#Good&Bad
Daniel Day-Lewis è uno di quei nomi che non possono che balzarci immediatamente in mente quando parliamo di eccellenza cinematografica.
Daniel Day-Lewis è l'attore che, più di tutti in epoca moderna, è riuscito a tenere immacolata la purezza della propria filmografia, dedicandosi solo a un Cinema di un certo tipo, a partire dal suo minuscolo ruolo in Gandhi e da quello, decisamente più rilevante, ne Il Bounty.
La sua bravura, emersa grazie a Camera con vista, My beautiful laundrette e L'insostenibile leggerezza dell'essere - film per il quale imparò addirittura a parlare il cecoslovacco - è ben presto stata ammantata di una sensazione di irripetibilità, di prestigio impareggiabile.
[Ne ha fatta di carriera questa faccia da schiaffi, eh?]
Il mio piede sinistro gli valse il primo Premio Oscar ; L'Ultimo dei Mohicani, Nel nome del Padre e L'età dell'innocenza lo resero uno degli attori più richiesti negli anni '90; La seduzione del male gli permise di conoscere sua moglie, Rebecca Miller, e The Boxer ha segnato il suo addio dalle scene, lungo circa cinque anni.
Dopo quel periodo della sua vita a Firenze, contraddistinto dalla la sua continua ricerca della discrezione, Martin Scorsese ha dato il via a quelli che sono, forse, i 15 anni più intensi mai vissuti da un attore.
Anche per questo, oltre che per tutto ciò che ha fatto per la Settima Arte, Marty andrebbe ringraziato.
Tre lustri di prove monumentali, riuscitissimi anche quando le scelte di Day-Lewis non sono state così luminose: cosa gli si può dire ne La storia di Jack e Rose - interpretato unicamente perché diretto da sua moglie - e in Nine?
Nulla: perfetto, come sempre.
Come possiamo definire le sue prove in Gangs of New York, Il petroliere, Lincoln e Il filo nascosto? Leggendarie, appunto.

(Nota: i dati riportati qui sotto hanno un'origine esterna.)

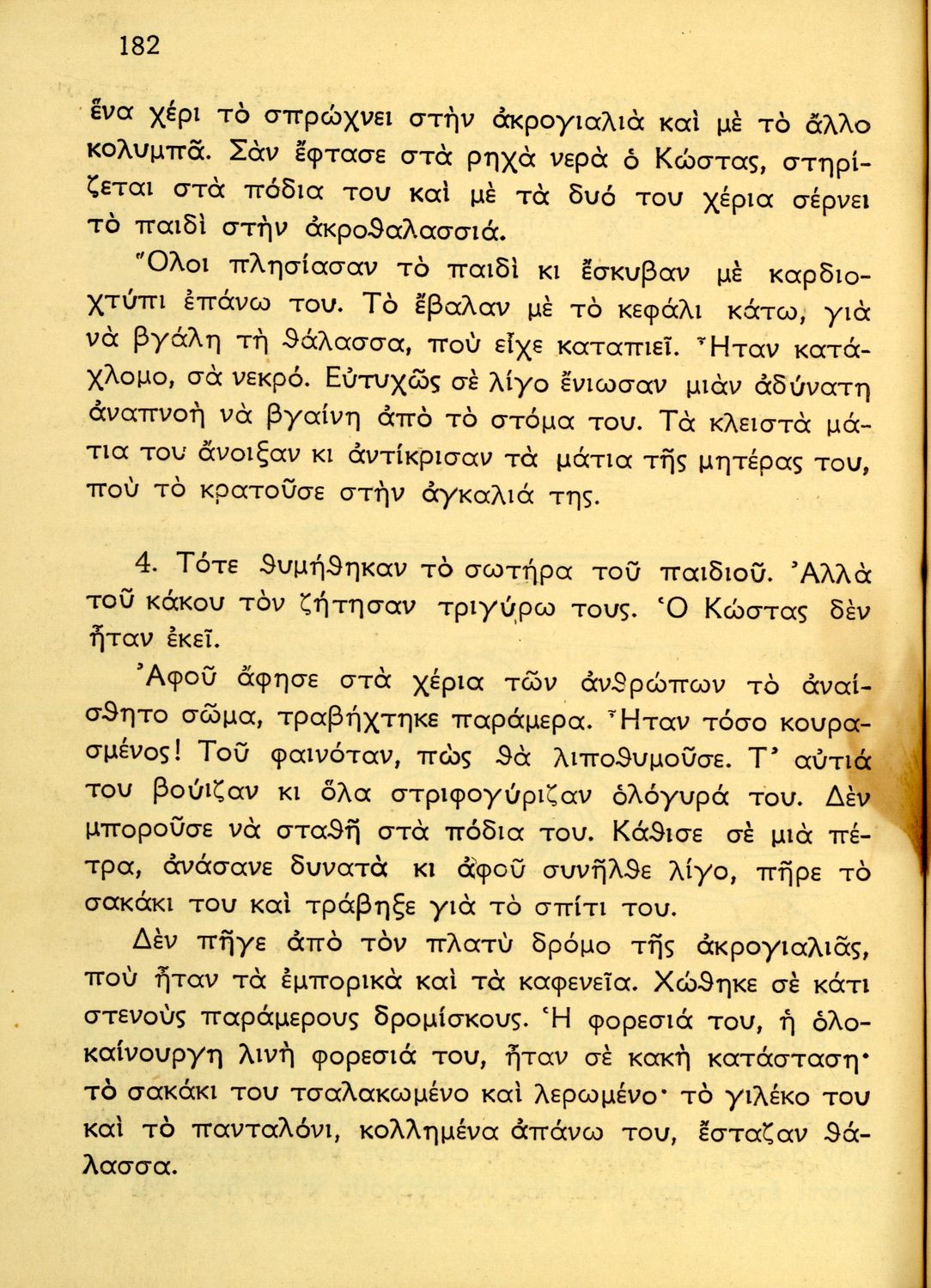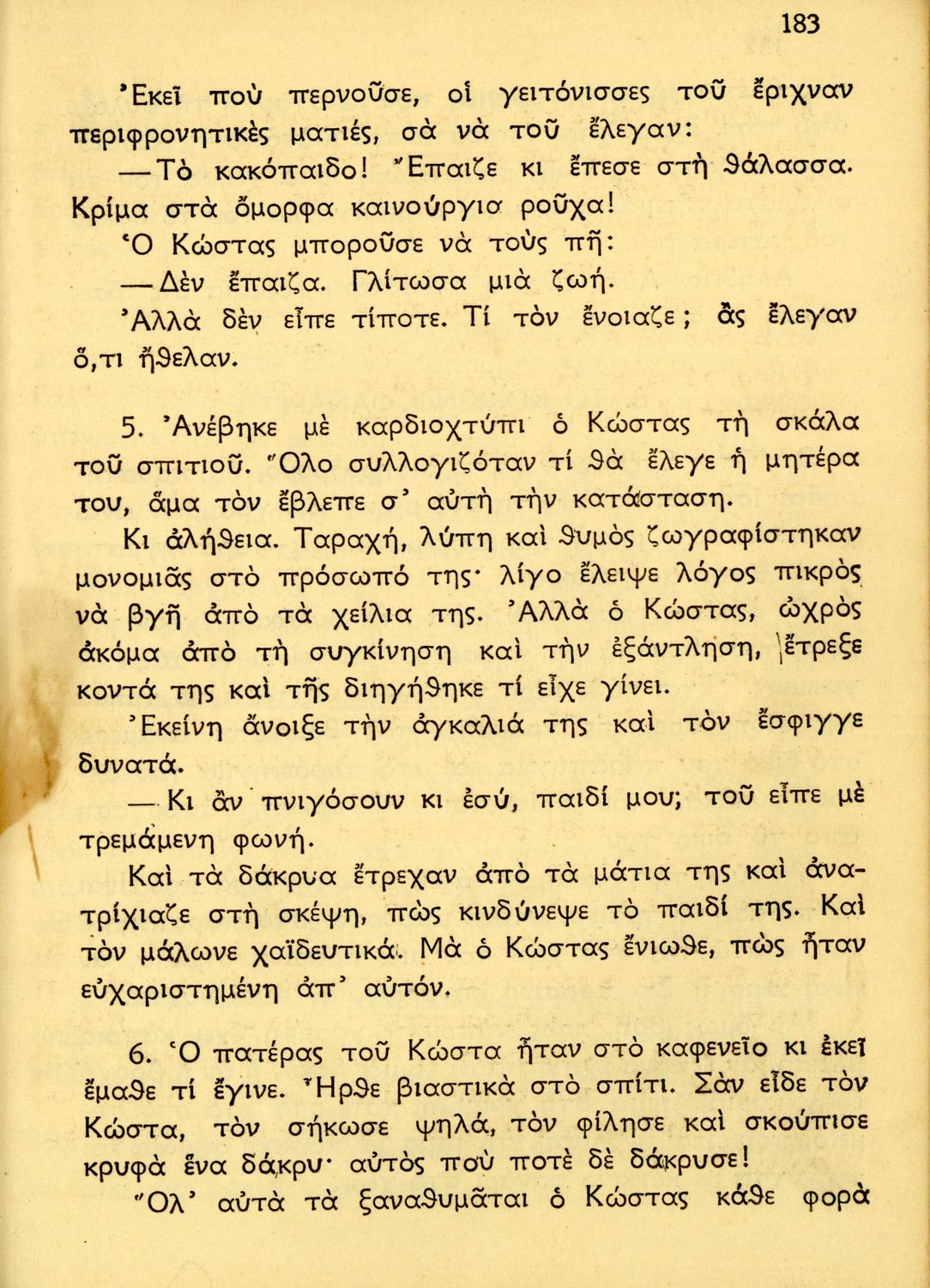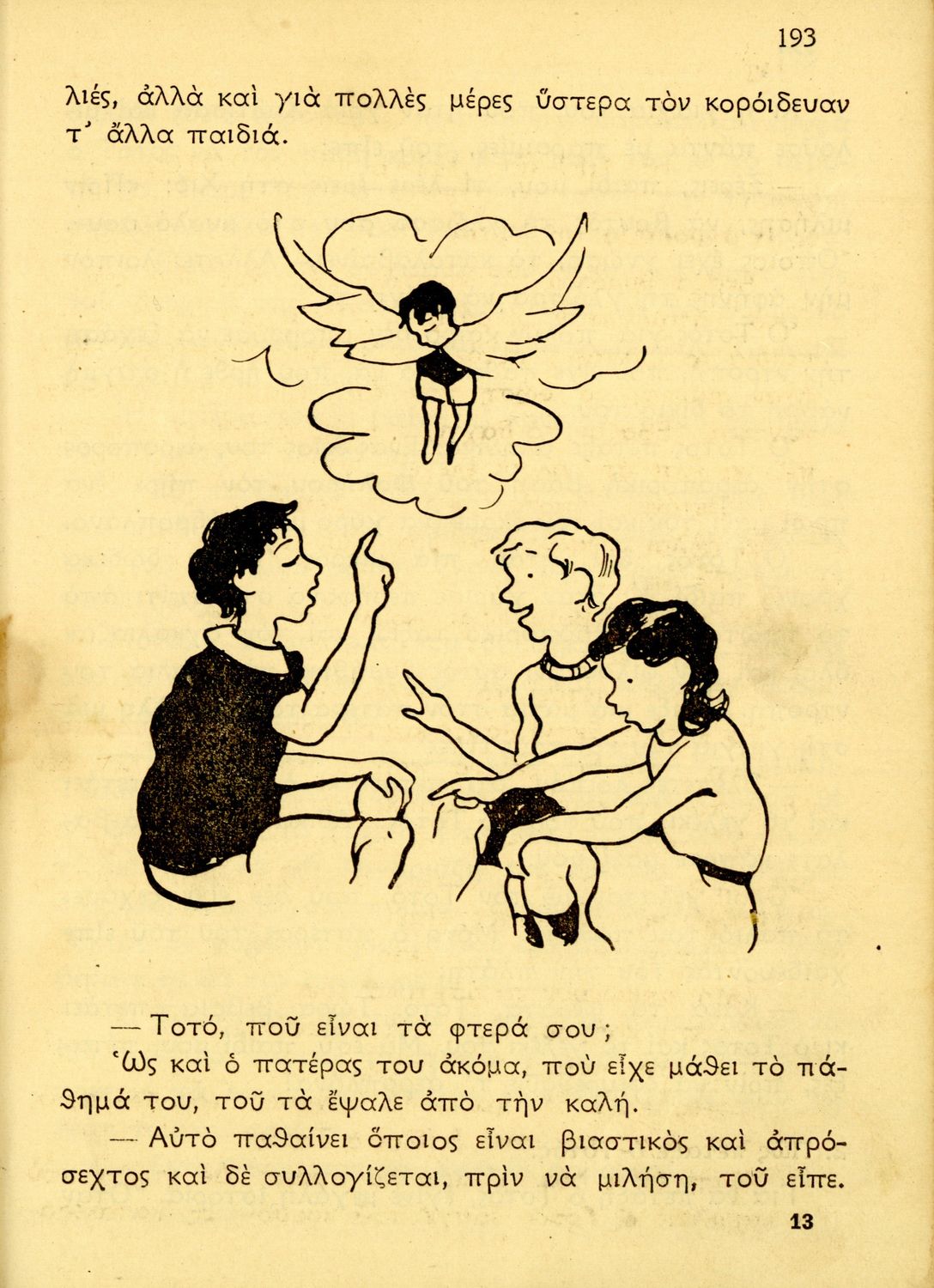 Αναγνωστικό Δ΄ Δημοτικού που περιλαμβάνει θέματα από την θρησκευτική, οικογενειακή και σχολική ζωή του παιδιού, την ελληνική μυθολογία και ιστορία και τη ζωή των ζώων.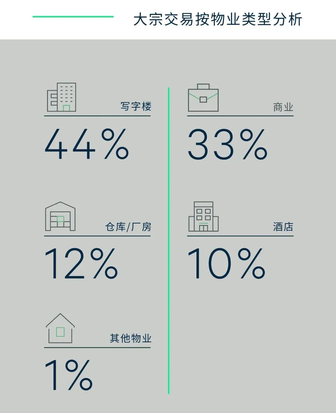 從成交業類型來看,寫字樓依舊是交易主體,占到總成交量的43%,零售物業交易上揚,而產業物流、數據中心的交易額在過去一年實現快速增長,成交量同比幾乎翻倍,占總成交額31%。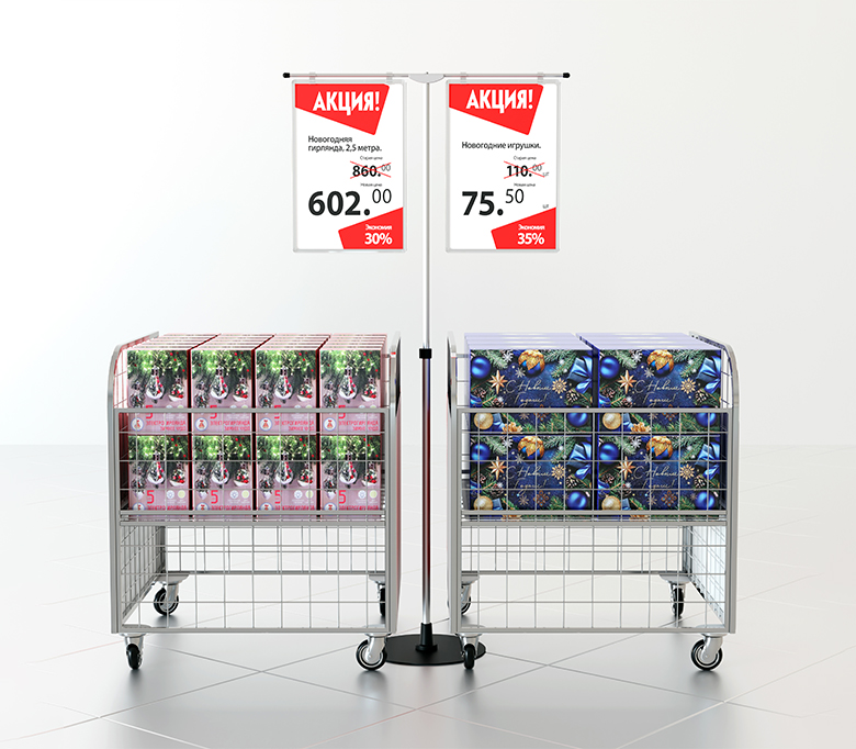 Оптимальный выбор для размещения рекламной информации, информации о товарах, акциях, услугах, постеров непосредственно рядом с выкладкой продукта.
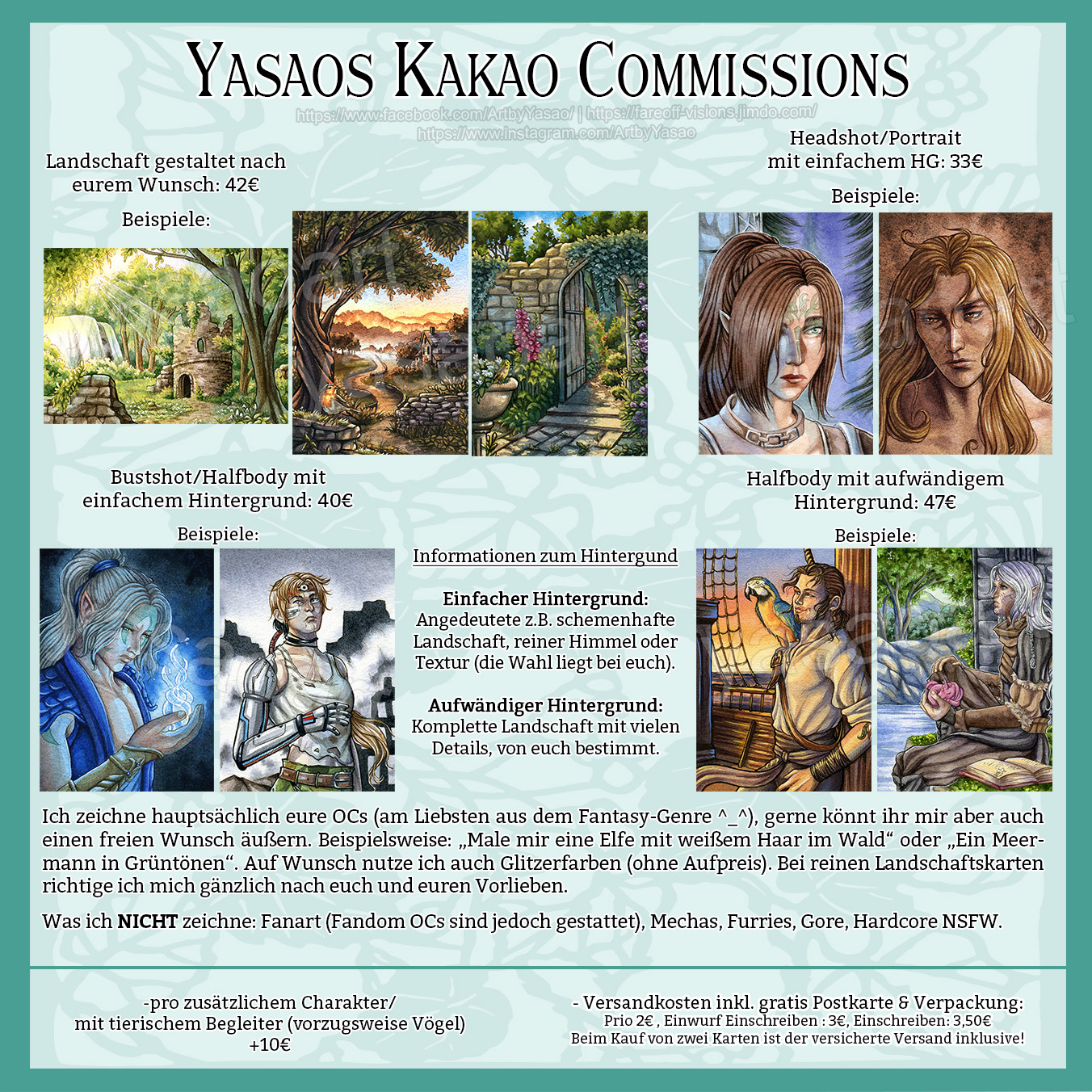Im Moment biete ich hauptsächlich Commissions im Kakaokarten-Format an, aber ab und an gibt es auch mal Spezialangebote wie DinA5 Commissions oder Aufträge in Postkartengröße (auf Anfrage). Meine Preisliste für Kakao-Aufträge findet ihr hier im nachfolgenden Spoiler: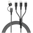 Mocny, pleciony, nylonowy kabel USB z trzema różnymi rodzajami końcówek.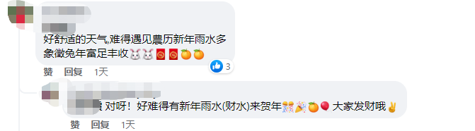 不过大部分网友还是比较喜欢下雨的,他们表示:水为财,兔年一到就开始下雨,今年一定发发发!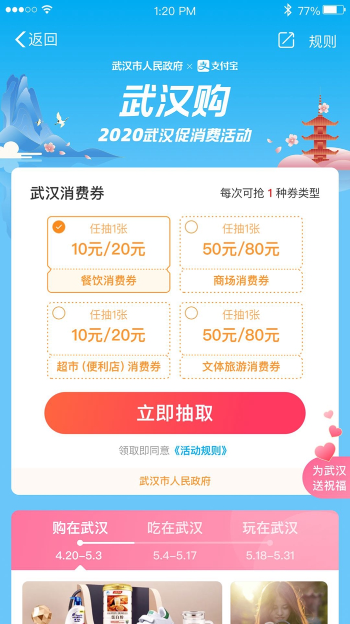 根據(jù)安排,“武漢消費(fèi)券”將在阿里巴巴、美團(tuán)點(diǎn)評(píng)、騰訊等3家企業(yè)自有線上平臺(tái)上按周投放,總體投放分兩期執(zhí)行。其中,第一期為4月19日至5月31日,首次投放活動(dòng)將在4月19日中午12時(shí)進(jìn)行,在漢人員可登錄支付寶、美團(tuán)、大眾點(diǎn)評(píng)、微信等手機(jī)程序,搜索“武漢”“消費(fèi)券”等關(guān)鍵詞進(jìn)入活動(dòng)頁面參與領(lǐng)券。第二期為6月1日至7月31日,具體投放時(shí)間另行公布。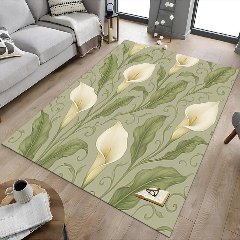 1PC Calla Lily Pattern Extra Large Non-Slip Floor carpet, Office, family, bedroom, Studio - Large Area Rug Indoor Rugs, Vibrant Colors-W212
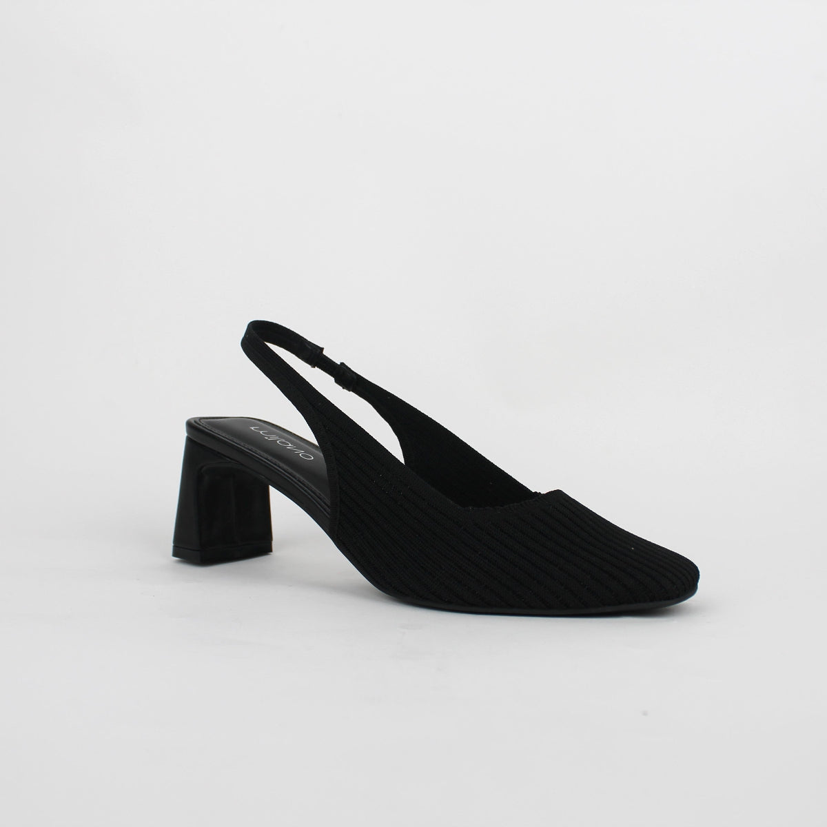 These modern slingback pumps, the unique upper features a delicate knitted or ribbed design, adding texture and visual interest to a classic shape. The chunky flared block heel provides a contemporary look and stable comfort. Ideal for elevating any outfit from the office to an evening out.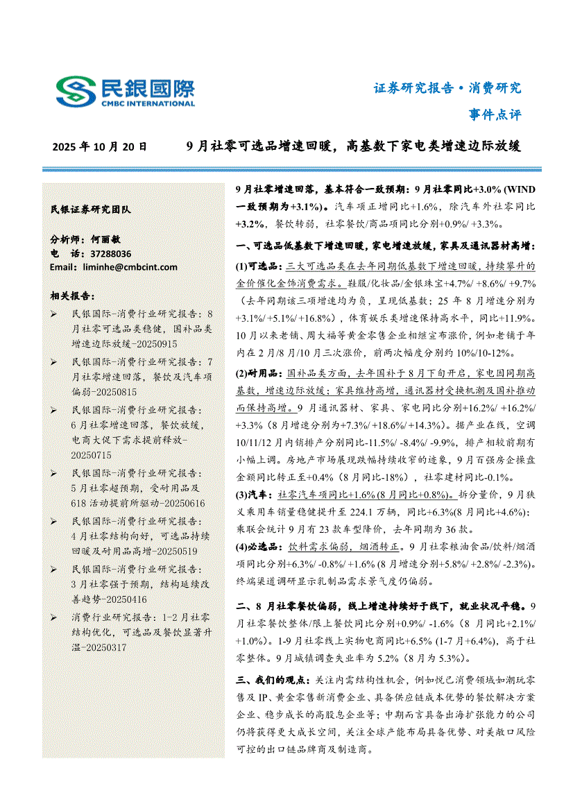 消费行业:民银国际-消费行业研究事件点评:9月社零可选品增速回暖,高基数下家电类增速边际放缓-251020

[Uno dei monologhi più noti nel Cinema del XXI secolo]
La grande Storia del Cinema ci è passata davanti e stavolta, fortunatamente, ce ne siamo accorti.
Quest'uomo è la personificazione di ciò che questa rubrica vuole rappresentare: la glorificazione di chi riesce a migliorare, a dire no, di chi tiene altissimo il livello della propria produzione artistica.
E ora che, a quanto dice, Daniel Day-Lewis ha chiuso la sua carriera recitativa, glorificarne la carriera ci sembra una volta in più doveroso.
"Ogni volta che termino un film vengo avvolto da un grande senso di vuoto."
Diceva lui.
Lo stesso vuoto che, adesso, proviamo noi.